### DATA PROVIDED
━━━━━━━━━━━━━━━━━━━━
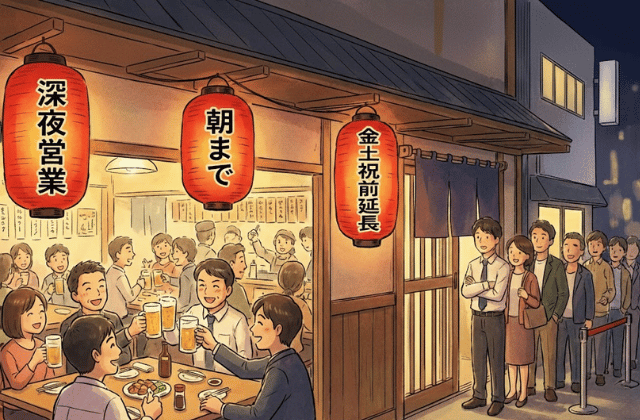 本記事では、居酒屋の平均的な閉店時間やラストオーダーの仕組みに加え、深夜営業店の探し方やスマートな解散のマナーまで詳しく解説します。
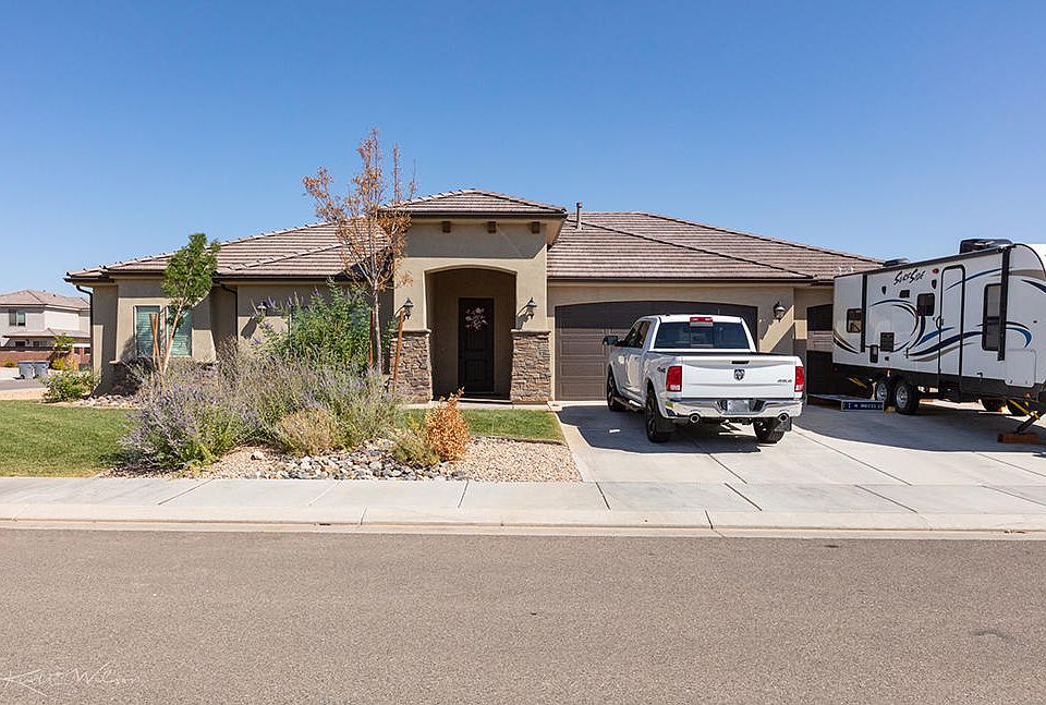 Darling 4 Bedroom Home On A Corner Lot In Deserts Edge. Quiet Neighborhood In A Great Location, Nice Open Floor Plan, Granite, Tile Floors, 9ft Ceilings, 3 Car Garage With A Storage Room And So Much More. Temporary Wall On 3rd Car Can Be Removed To Make It A 4 Car Garage.
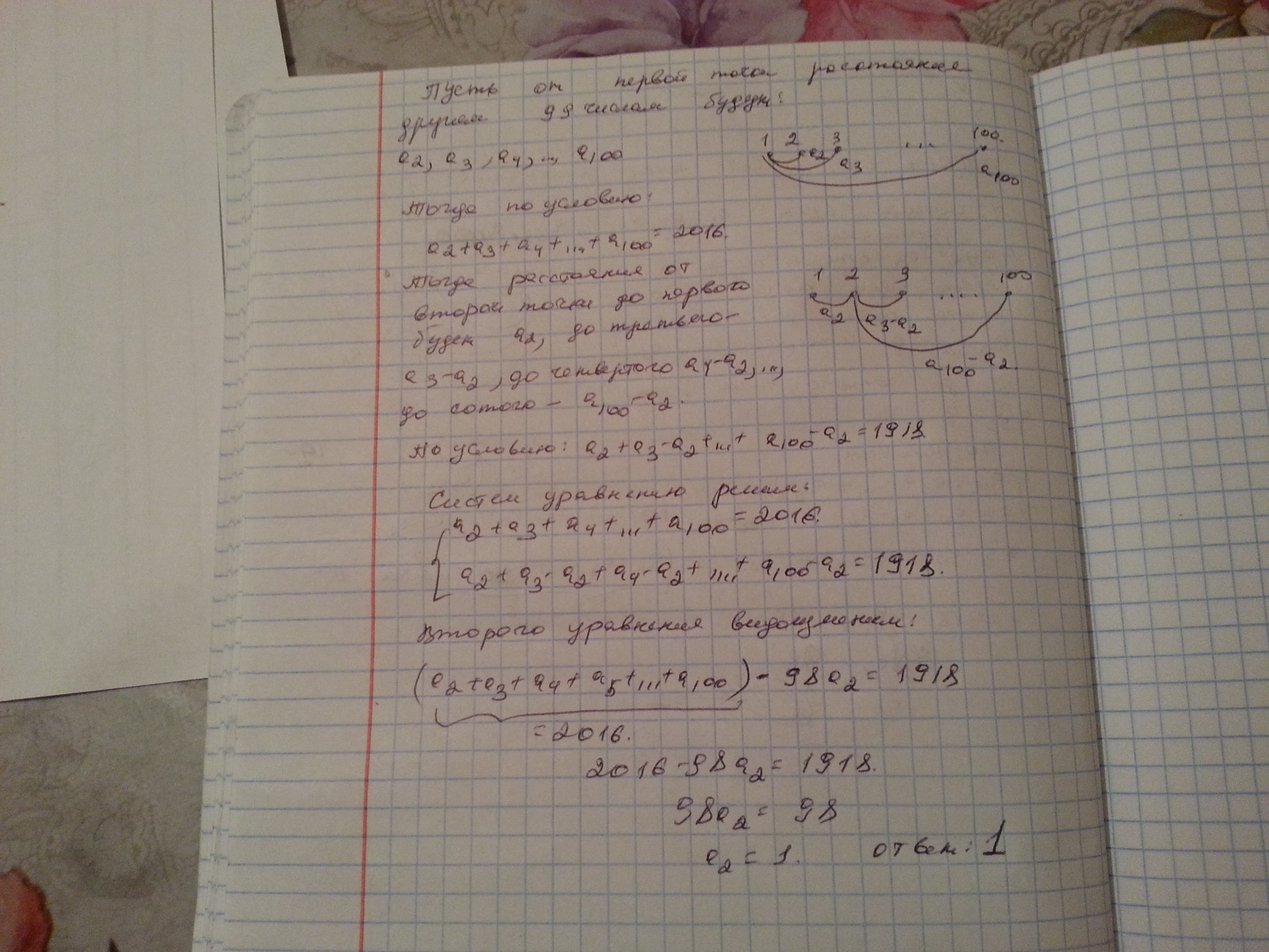 На прямой расположены 100 точек. Сумма расстояний от первой слева из них до всех остальных равна 2016, а сумма расстояний от второй слева до всех остальных (включая самую левую) равна 1918. Чему равно расстояние между первой и второй точками слева?
━━━━━━━━━━━━━━━━━━━━
### REQUIREMENT
Skipping all images, print the data above a second time exactly.

### TASK RESULT
 本記事では、居酒屋の平均的な閉店時間やラストオーダーの仕組みに加え、深夜営業店の探し方やスマートな解散のマナーまで詳しく解説します。
 Darling 4 Bedroom Home On A Corner Lot In Deserts Edge. Quiet Neighborhood In A Great Location, Nice Open Floor Plan, Granite, Tile Floors, 9ft Ceilings, 3 Car Garage With A Storage Room And So Much More. Temporary Wall On 3rd Car Can Be Removed To Make It A 4 Car Garage.
 На прямой расположены 100 точек. Сумма расстояний от первой слева из них до всех остальных равна 2016, а сумма расстояний от второй слева до всех остальных (включая самую левую) равна 1918. Чему равно расстояние между первой и второй точками слева?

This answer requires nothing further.